Diese Bande war bestens organisiert: Erst klauten sie in weit entfernten Städten hochwertige Fahrräder. Zerlegt in Einzelteile schickten sie sie dann per Bahnfracht nach Hause. Dort feilten ihre Ganoven-Kollegen sorgsam die Seriennummern aus den Rahmen und schraubten aus den Teilen verschiedener Räder ganz neue Exemplare zusammen. Lackierten sie ordentlich, verkauften sie teuer.
Geschnappt wurden sie trotzdem. Eine empfindliche Strafe drohte ihnen zudem, denn gerade erst hatten Richter einen anderen Fahrraddieb zu neun Jahren Haft verdonnert. Die Ganoven-Combo ging als „Denver-Ring“ in die Geschichte ein – in den 1890er Jahren in Amerika.
An dieser Arbeitsweise hat sich bis heute auch in Deutschland nichts geändert. Nur dass organisierte Kleinkriminelle hierzulande viel zu selten erwischt werden und ihnen keine drakonischen Strafen drohen.
Kaum gekauft und schon geklaut: Nicht nur Edelräder, teure Pedelecs und E-Bikes sind eine begehrte Beute. Rund 335.000 Diebstähle wurden 2016 bei der Polizei angezeigt. Der Verlust vieler rostiger Drahtesel dürfte aus Hoffnungslosigkeit gar nicht erst gemeldet worden sein.

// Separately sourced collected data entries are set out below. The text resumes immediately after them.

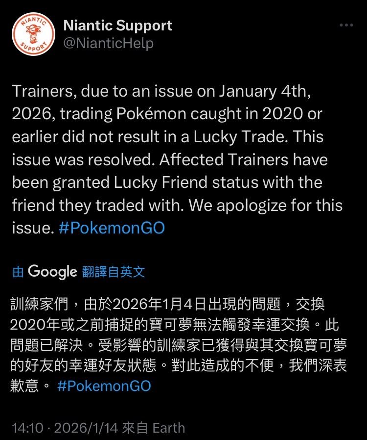 親愛的訓練家們,部分訓練家在 2026 年 1 月 4 日 交換於 2020 年或更早捕捉的寶可夢時,未能正常觸發亮晶晶交換,該問題已修正。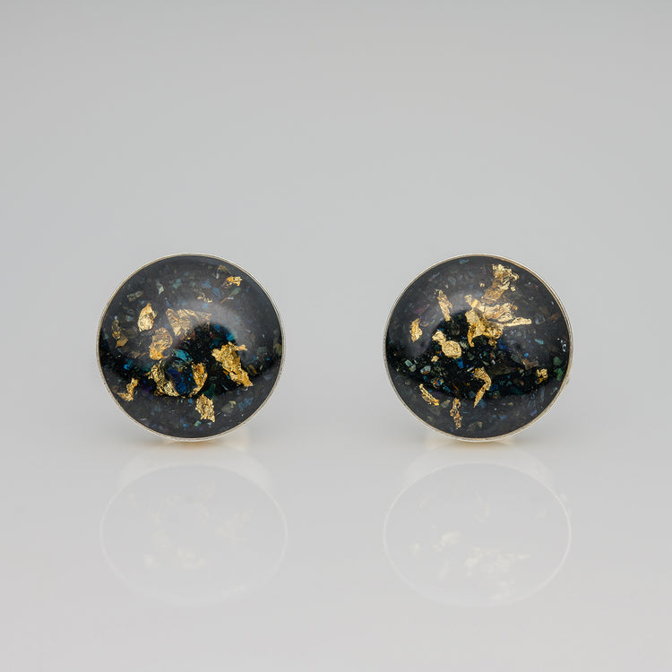 Siliziumcarbid mit 24K Blattgold 925 Sterlingsilber Ohrstecker 10mm
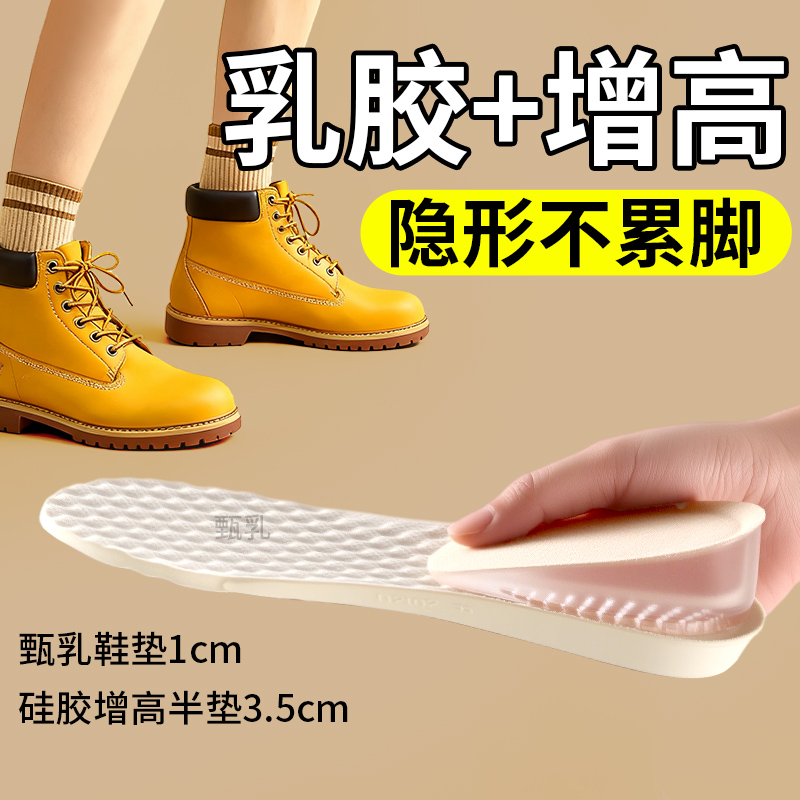 乳胶内增高鞋垫女款踩屎感加厚增高女士马丁靴子久站不累超软防痛

Die Angst ums schöne Rad ist ein nettes Zusatzgeschäft für Versicherungen. Das deutsche Durchschnittrad kostete 2016 rund 540 Euro - das macht ihre Policen immer attraktiver. Doch das Dickicht im Kleingedruckten ist für Radler so tückisch wie überfrierende Nässe. Die Gefahr erkennt man erst, wenn es zu spät ist.
Fahrräder in der Hausratversicherung
Drahtesel gehören zum Hausrat und folglich gilt für sie wie für Laptops, Uhren oder Handys: Kommen sie wegen Sturm, Hagel oder Einbruchsdiebstahl zu Schaden, ersetzt sie die Hausratversicherung. Bianca Boss, Sprecherin der Verbraucherorganisation Bund der Versicherten, warnt aber: „Wird das Rad vorm Einkaufszentrum statt aus dem eigenen Keller geklaut, haftet die Versicherung nicht.“
Und das ist nur eine von vielen Ausnahmen. „Viele alte Tarife beinhalten zudem eine ärgerliche Nachtklausel.“ Dann wird ein gestohlenes Rad nur ersetzt, wenn es zwischen 22 Uhr und 6 Uhr erstens abgeschlossen und zweitens daheim stand oder in der Zeit benutzt statt vor der Kneipe abgestellt wurde. Das heißt: Wer mangels Platz oder Vermieterzustimmung sein Rad nachts draußen anschließen muss, hat schon verloren. Nächtliche Unternehmungslustige, die sich nicht an ihr Rad ketten, auch. Widerspruch ist selten sinnvoll, der Bundesgerichtshof hat die einschränkenden Klauseln für gültig erklärt. Zudem liegt die Beweislast, wann er das Rad wo wie gut gesichert abgestellt hat, beim Versicherten.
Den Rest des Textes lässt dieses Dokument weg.